Copy, word for word, the lines of the listing below from the line with "One wall features" up to and including the line with "#إعلان_صادر عن #البنك_المركزي_اليمني". Drop the pictures.

DATA TO USE –

----

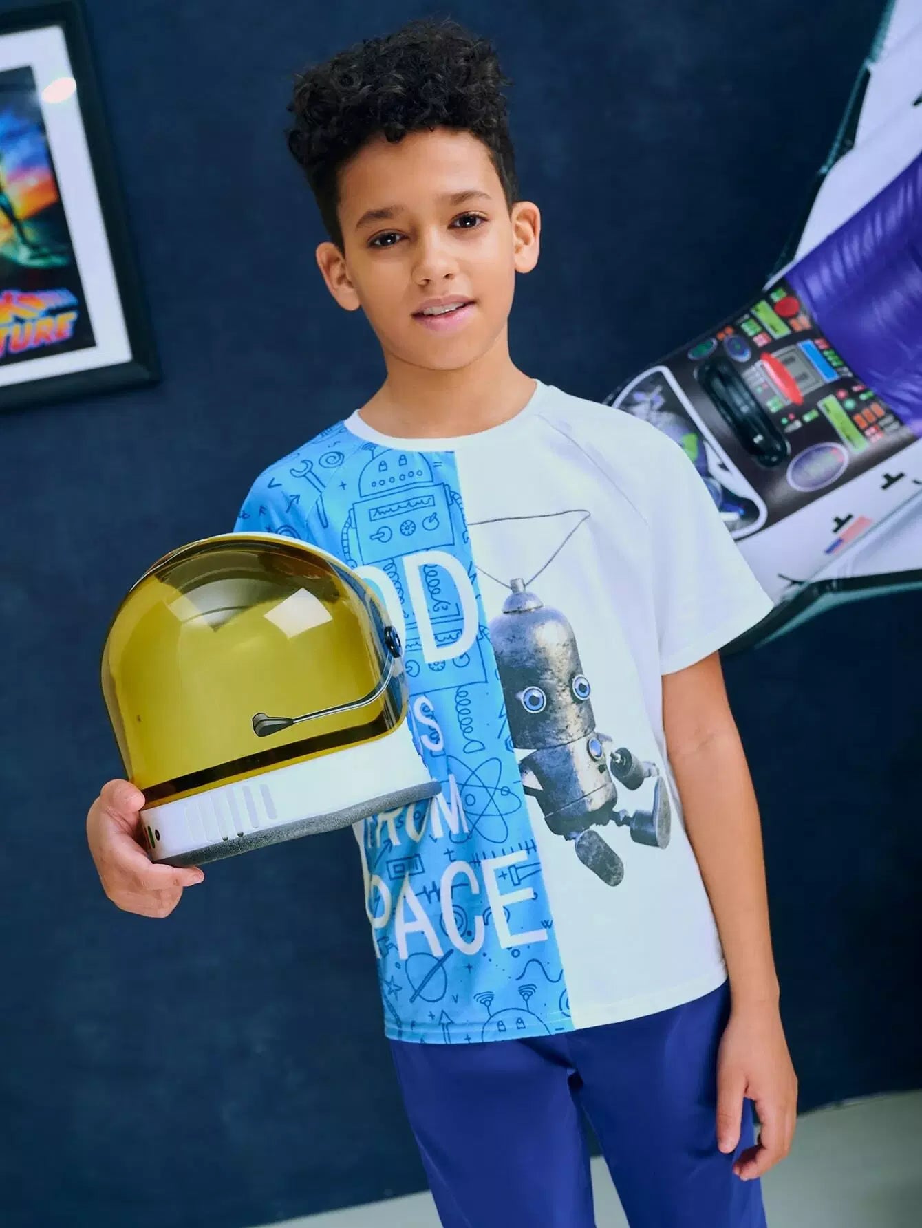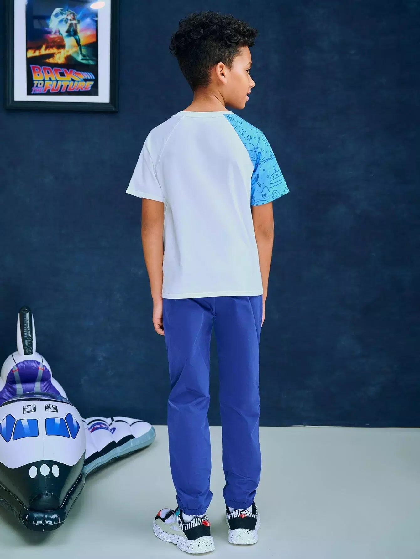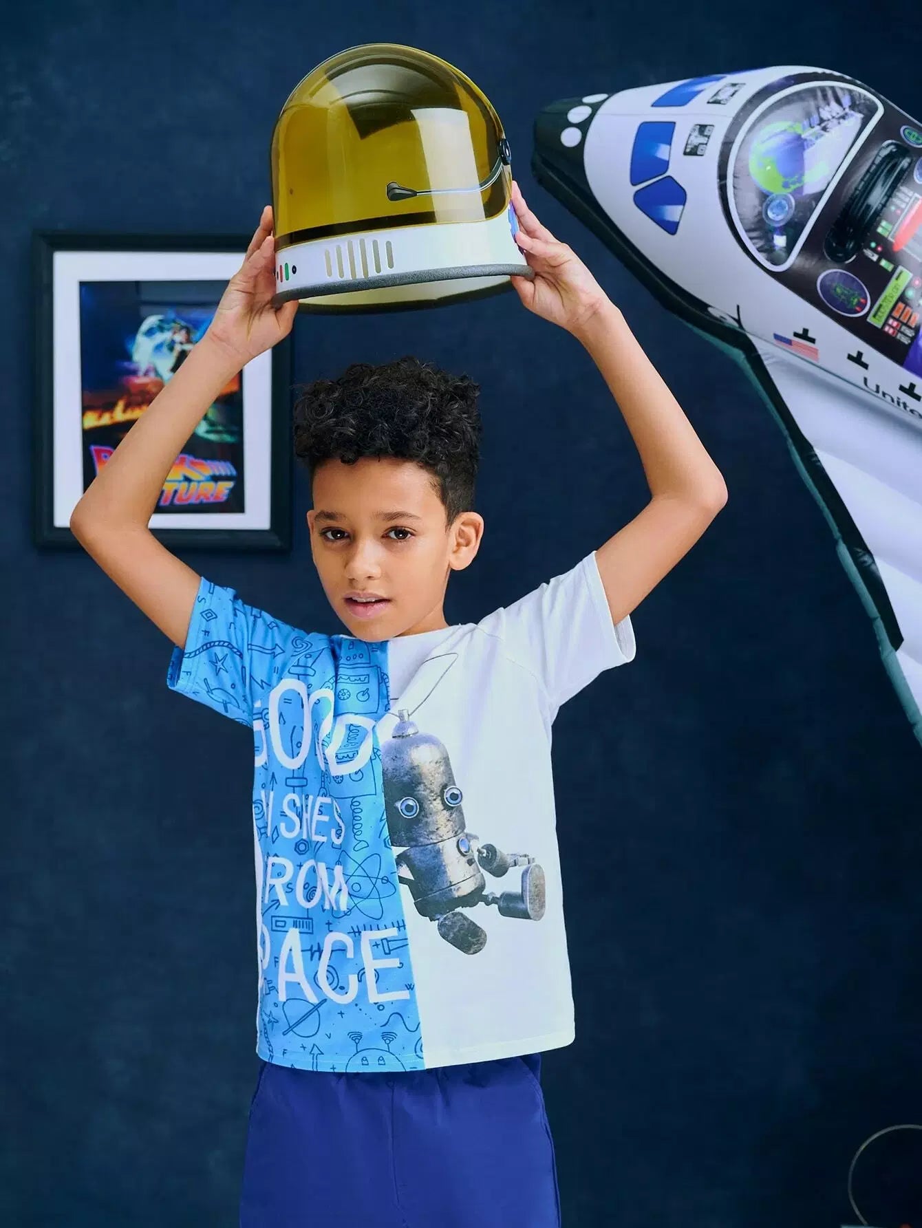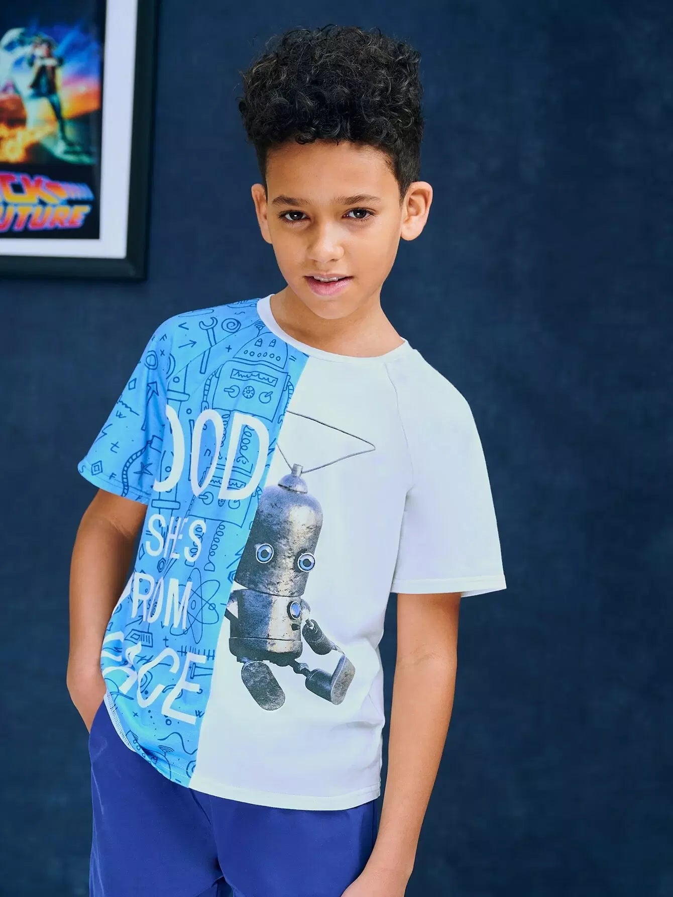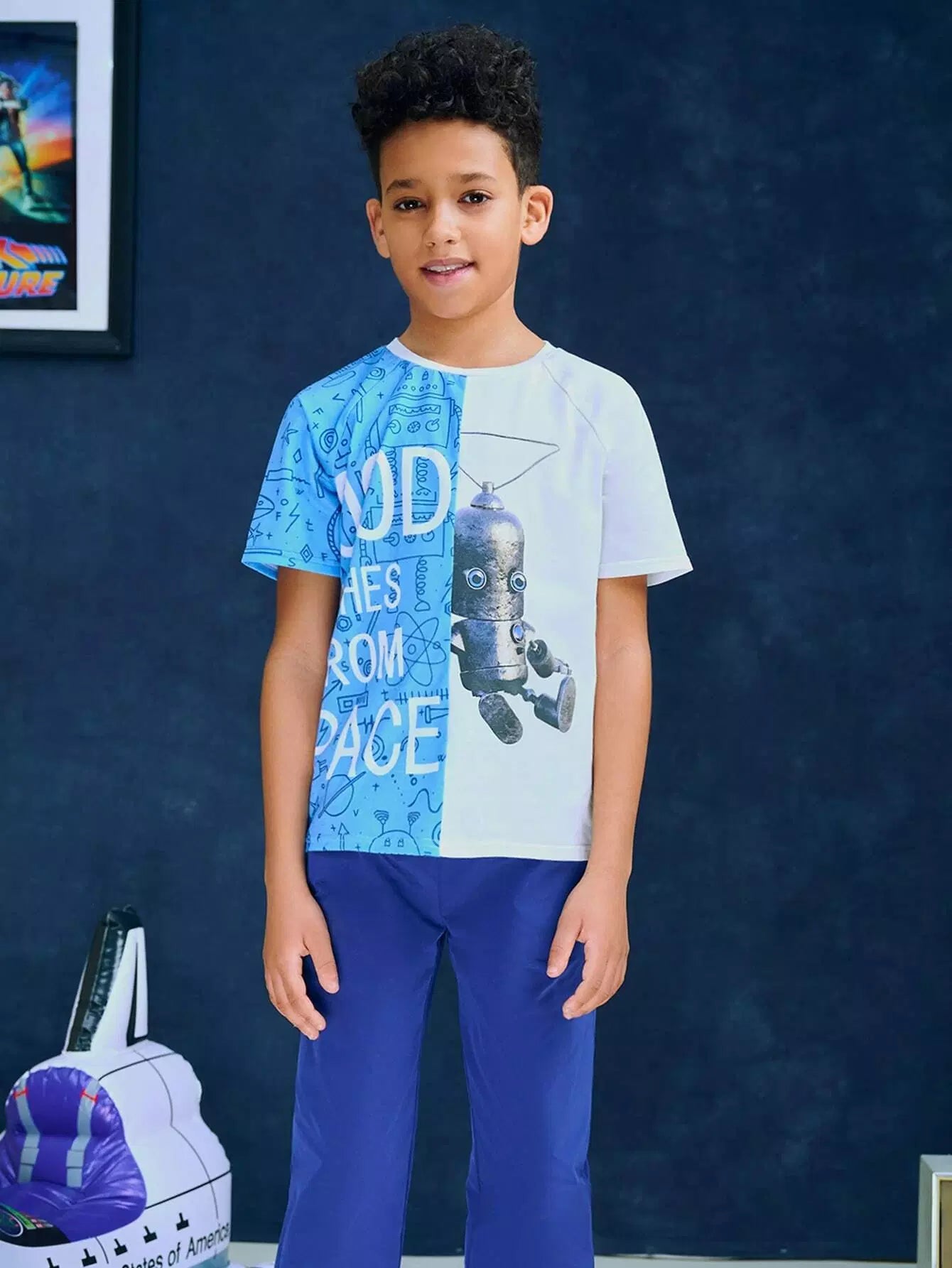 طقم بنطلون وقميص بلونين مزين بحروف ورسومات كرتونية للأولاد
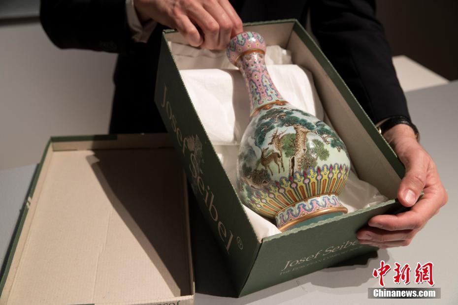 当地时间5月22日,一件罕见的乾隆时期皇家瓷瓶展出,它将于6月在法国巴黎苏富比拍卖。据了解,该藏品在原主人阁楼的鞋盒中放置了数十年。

----

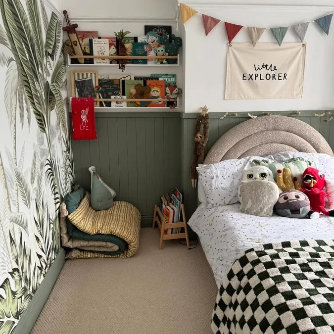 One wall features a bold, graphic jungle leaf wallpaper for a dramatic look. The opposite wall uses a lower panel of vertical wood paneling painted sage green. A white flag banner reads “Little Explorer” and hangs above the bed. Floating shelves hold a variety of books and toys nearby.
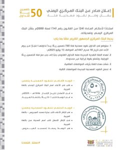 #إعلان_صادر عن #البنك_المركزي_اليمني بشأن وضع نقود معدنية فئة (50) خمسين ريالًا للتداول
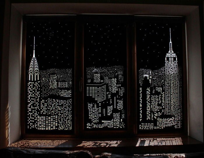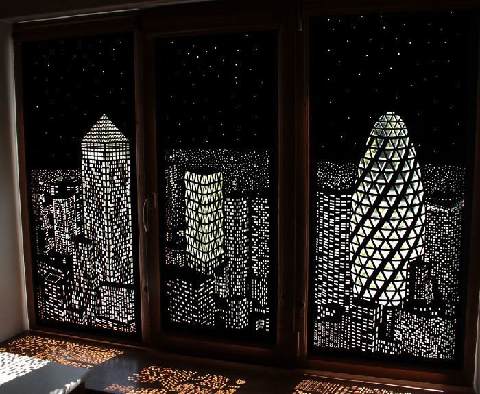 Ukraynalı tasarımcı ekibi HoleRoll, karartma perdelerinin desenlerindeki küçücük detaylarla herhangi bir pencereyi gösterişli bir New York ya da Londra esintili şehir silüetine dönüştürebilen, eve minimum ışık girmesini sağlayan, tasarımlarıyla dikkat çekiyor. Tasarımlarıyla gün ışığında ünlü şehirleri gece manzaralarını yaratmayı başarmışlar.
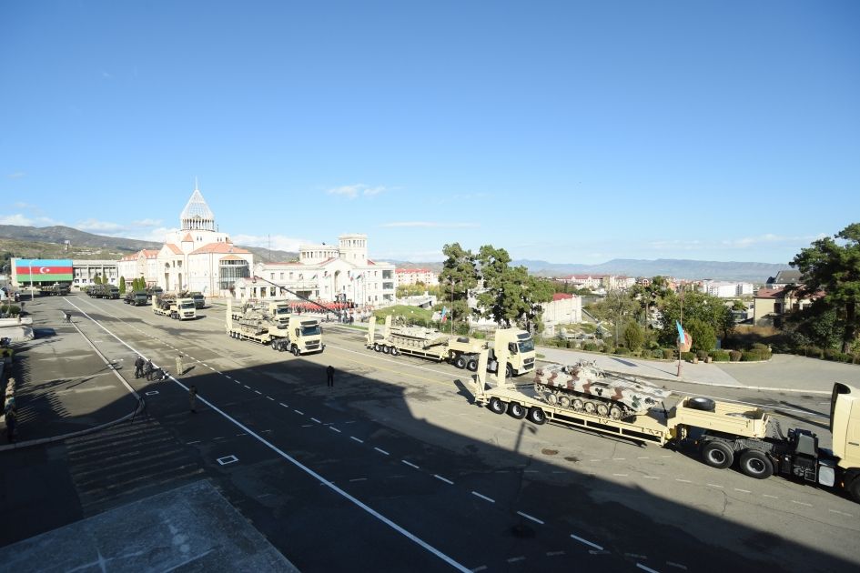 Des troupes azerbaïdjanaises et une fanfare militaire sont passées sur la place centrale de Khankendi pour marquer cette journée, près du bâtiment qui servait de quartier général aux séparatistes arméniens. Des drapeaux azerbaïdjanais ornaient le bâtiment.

----

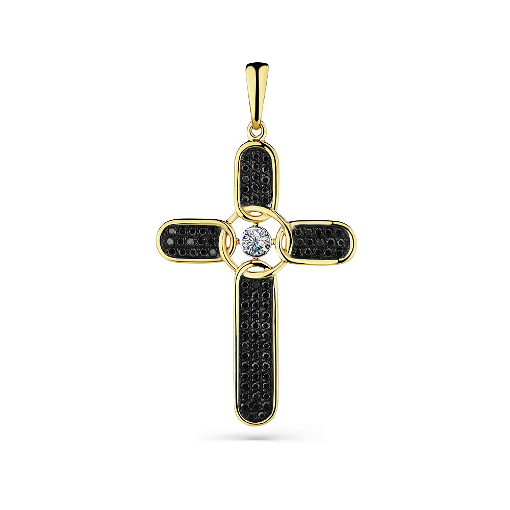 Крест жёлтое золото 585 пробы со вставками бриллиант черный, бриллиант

----

RESPONSE AREA –
 One wall features a bold, graphic jungle leaf wallpaper for a dramatic look. The opposite wall uses a lower panel of vertical wood paneling painted sage green. A white flag banner reads “Little Explorer” and hangs above the bed. Floating shelves hold a variety of books and toys nearby.
 #إعلان_صادر عن #البنك_المركزي_اليمني بشأن وضع نقود معدنية فئة (50) خمسين ريالًا للتداول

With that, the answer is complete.